Maybe you didn't quite get just how obsessed I am with knitting. Here's an example: I could not properly express the joy I feel with my new socks, knitted from delicious "soft girl" yarn from local Petaluma sheep, until I came across Pablo Neruda's Ode to Socks, excerpted way below in English and Spanish. Thank you, Mom, for sending me the link to Pablo's poem.
Welcome to my new socks for my 2011 Organic Challenge!
wear organic | schmear organic | eat organic
Are these socks crazy good? Have I lost my mind? The yarn is from local Petaluma sheep owned by the wise and wonderful Mimi Luebbermann of Windrush Farms. 
Pablo understands....
ODE TO MY SOCKS 
(Translated by Robert Bly)
Mara Mori brought me 
a pair of socks 
which she knitted herself 
with her sheepherder's hands, 
two socks as soft as rabbits. 
I slipped my feet into them 
as though into two cases 
knitted with threads of twilight and goatskin. 
Violent socks, 
my feet were two fish made of wool,
two long sharks 
sea blue, shot through 
by one golden thread, 
two immense blackbirds,
two cannons, 
my feet were honored in this way 
by these heavenly socks.
They were so handsome for the first time 
my feet seemed to me unacceptable 
like two decrepit firemen, 
firemen unworthy of that woven fire, 
of those glowing socks. 
Nevertheless, I resisted the sharp tempation 
to save them somewhere as schoolboys
keep fireflies, 
as learned men collect 
sacred texts, 
I resisted the mad impulse to put them 
in a golden cage and each day give them 
birdseed and pieces of pink melon. 
Like explorers in the jungle 
who hand over the very rare green deer 
to the spit and eat it with remorse, 
I stretched out my feet and pulled on 
the magnificent socks and then my shoes. 

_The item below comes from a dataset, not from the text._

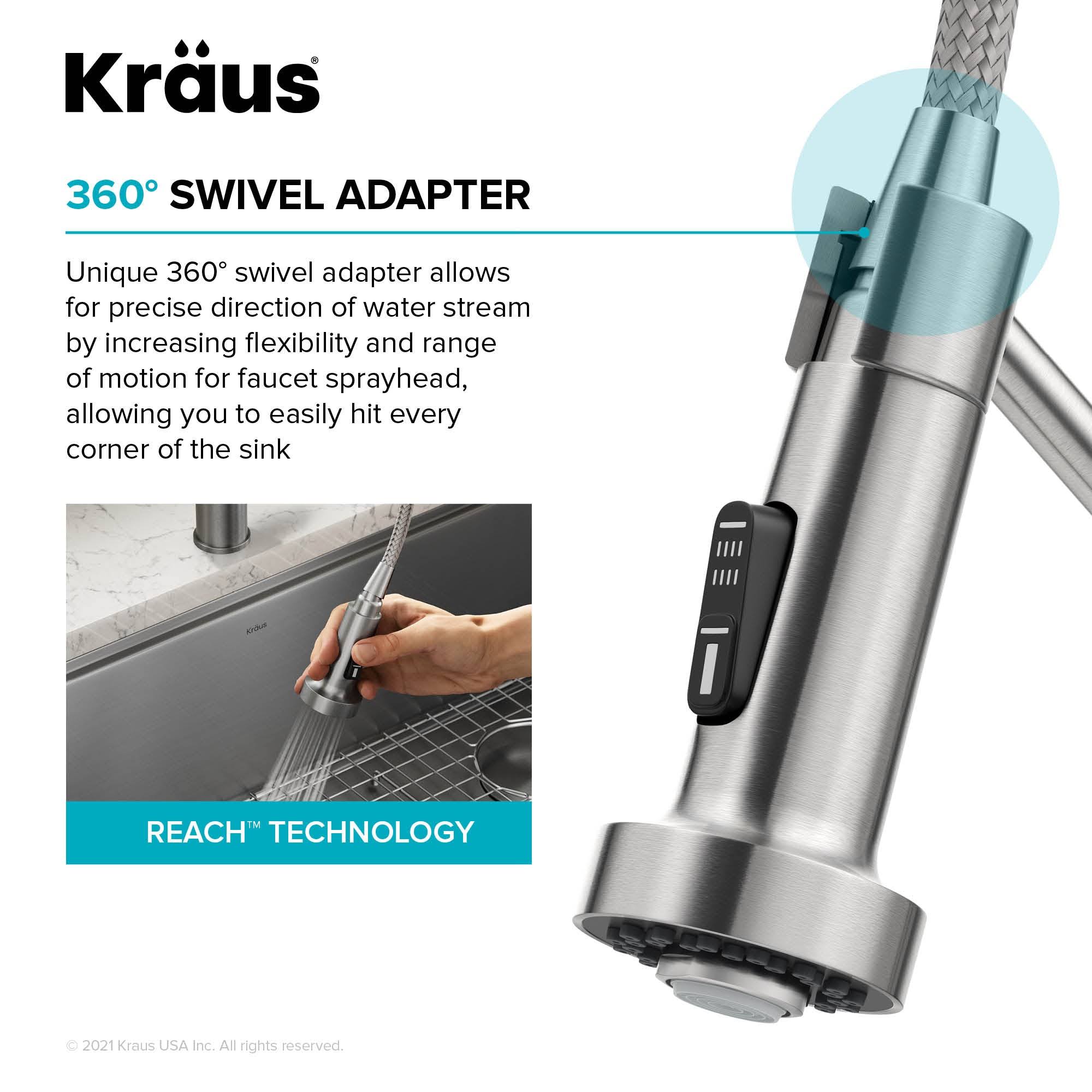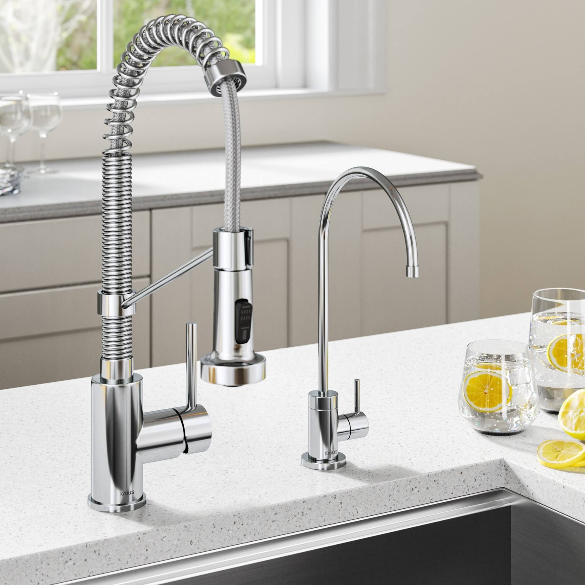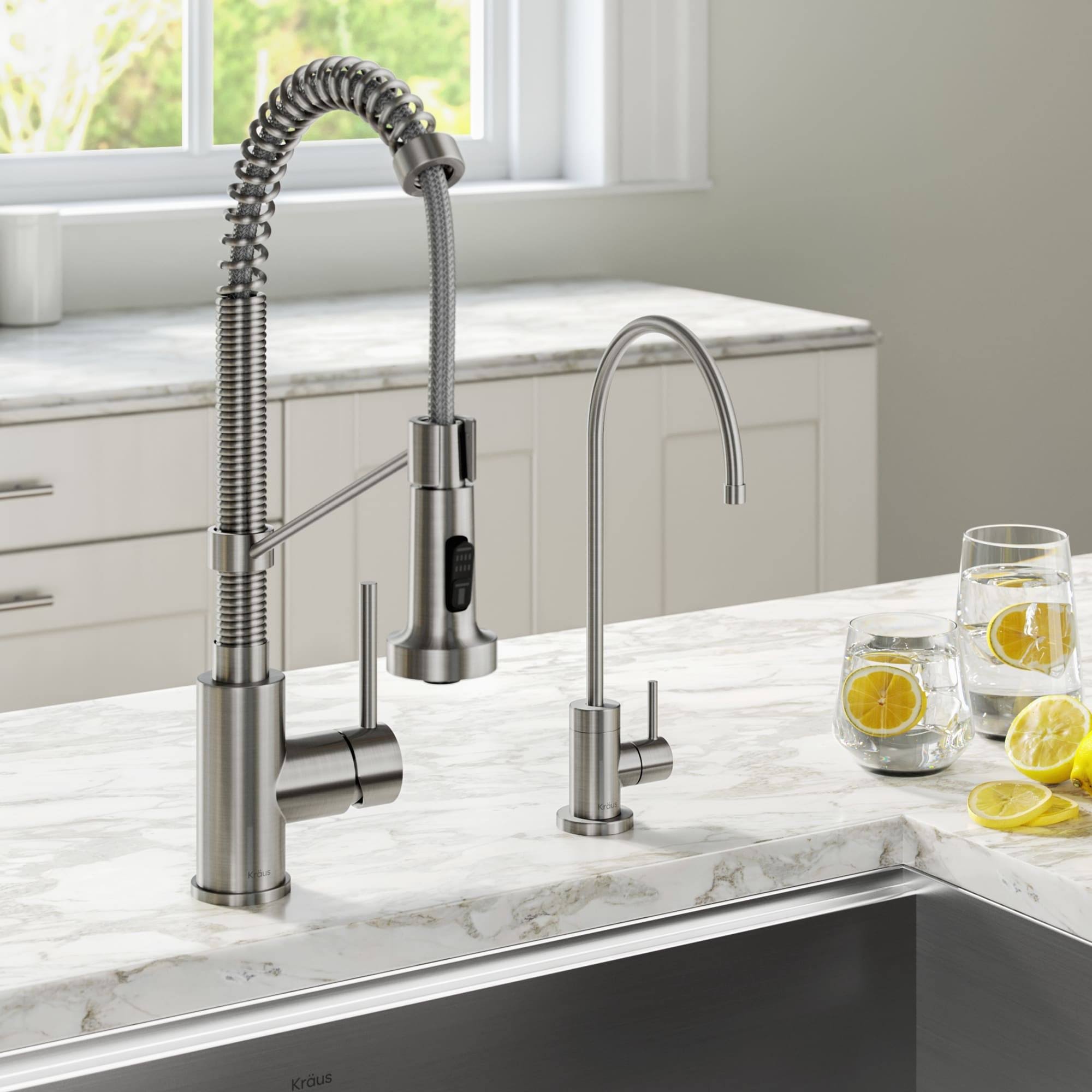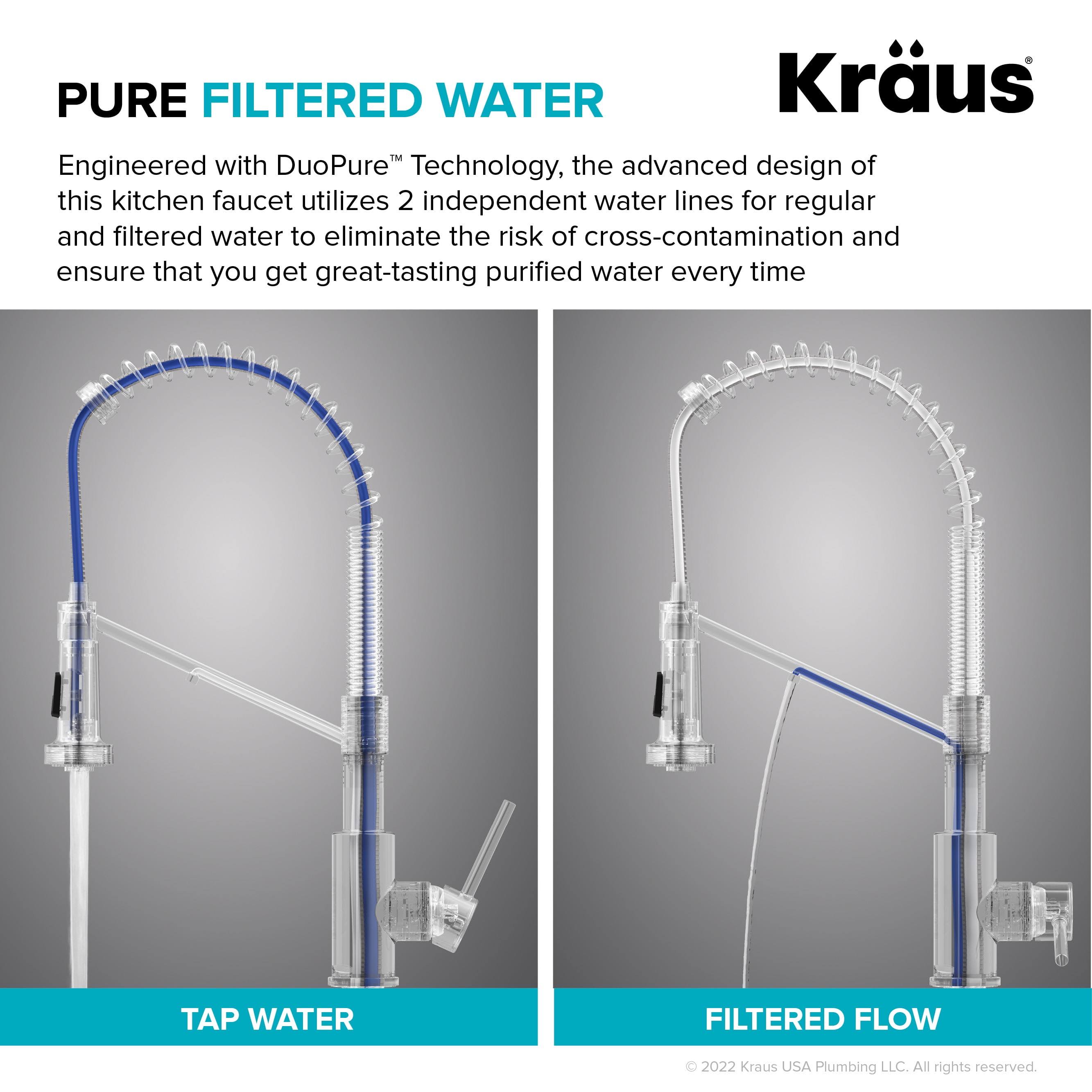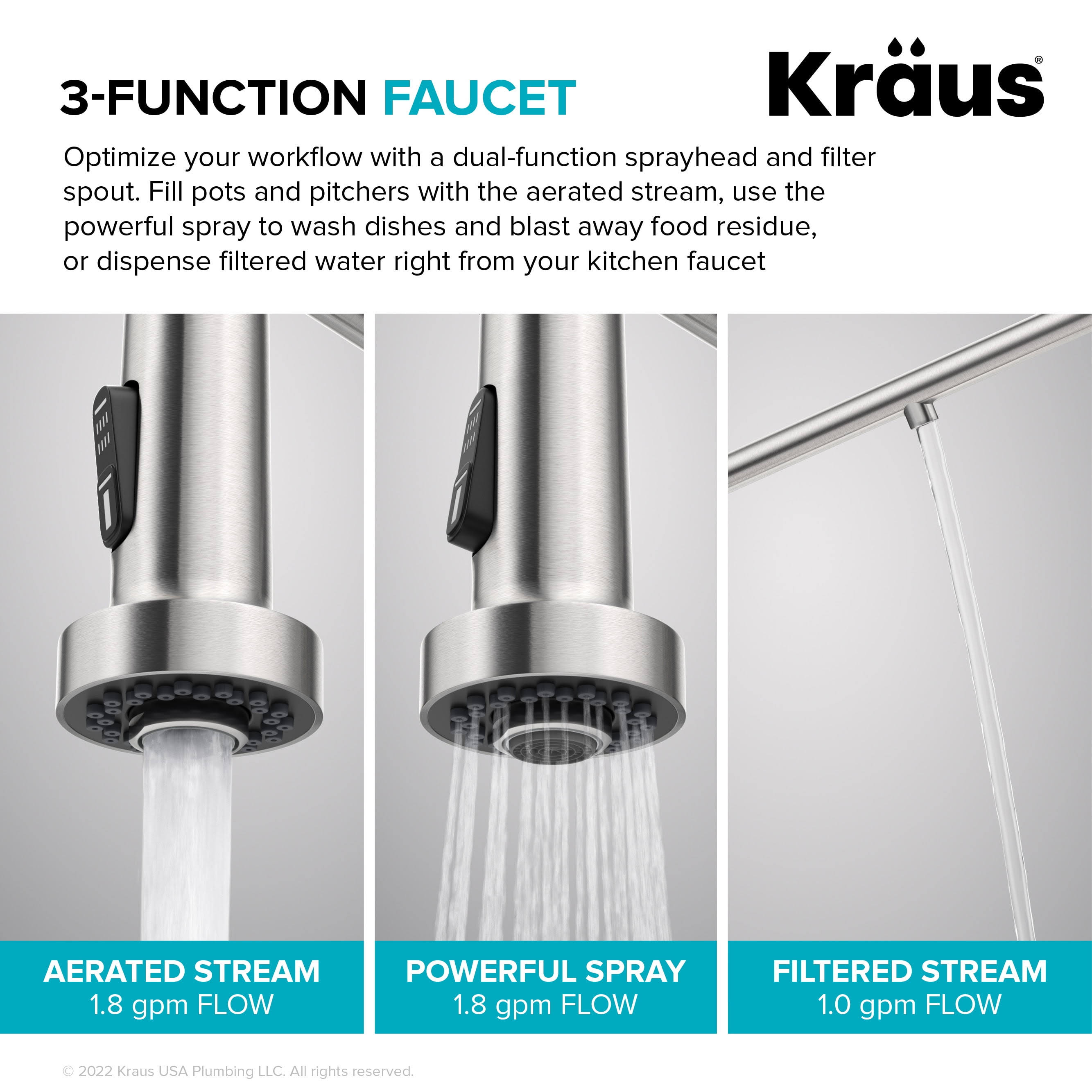 Kraus KFF-1610BB Bolden 2-in-1 Commercial Style Pull-Down Single Handle Water Filter Kitchen Faucet for Water Filtration System, Brushed Brass

The moral of my ode is this: 
beauty is twice beauty, 
and what is good is doubly good 
when it is a matter of two socks 
made of wool in winter.
Now, in Espanol....ODA A LOS CALCETINES
por Pablo Neruda
Me trajo Mara Mori
un par de calcetines
que tejió con sus manos de pastora,
dos calcetines suaves como liebres.
En ellos metí los pies
como en dos estuches
tejidos con hebras del
crepúsculo y pellejos de ovejas.
Violentos calcetines,
mis pies fueron dos pescados de lana,
dos largos tiburones
de azul ultramarino
atravesados por una trenza de oro,
dos gigantescos mirlos,
dos cañones:
mis pies fueron honrados de este modo
por estos celestiales calcetines.
Eran tan hermosos que por primera vez
mis pies parecieron inaceptables,
como dos decrépitos bomberos,
bomberos indignos de aquel fuego bordado,
de aquellos luminosos calcetines.
Sin embargo, resistí la tentación
aguda de guardarlos como los colegiales preservan sus luciérnagas,
como los eruditos coleccionan
documentos sagrados,
resistí el impulso furioso de ponerlos
en una jaula de oro y darles cada
dia alpiste y pulpa de melón rosado.
Como descubridores que en la selva
entregan el rarísimo venado verde
al asador y se lo comen con remordimiento,
estiré los pies y me enfundé
los bellos calcetines y luego los zapatos.
Y es esta la moral de mi Oda:
Dos veces es belleza la belleza,
y lo que es bueno es doblemente bueno,
cuando se trata de dos calcetines
de lana en el invierno.
Nuevas odas elementales, 1956
With deepest thanks to Rebecca Burgess for inspiring this work with her friendship and her brilliant project, Fibershed!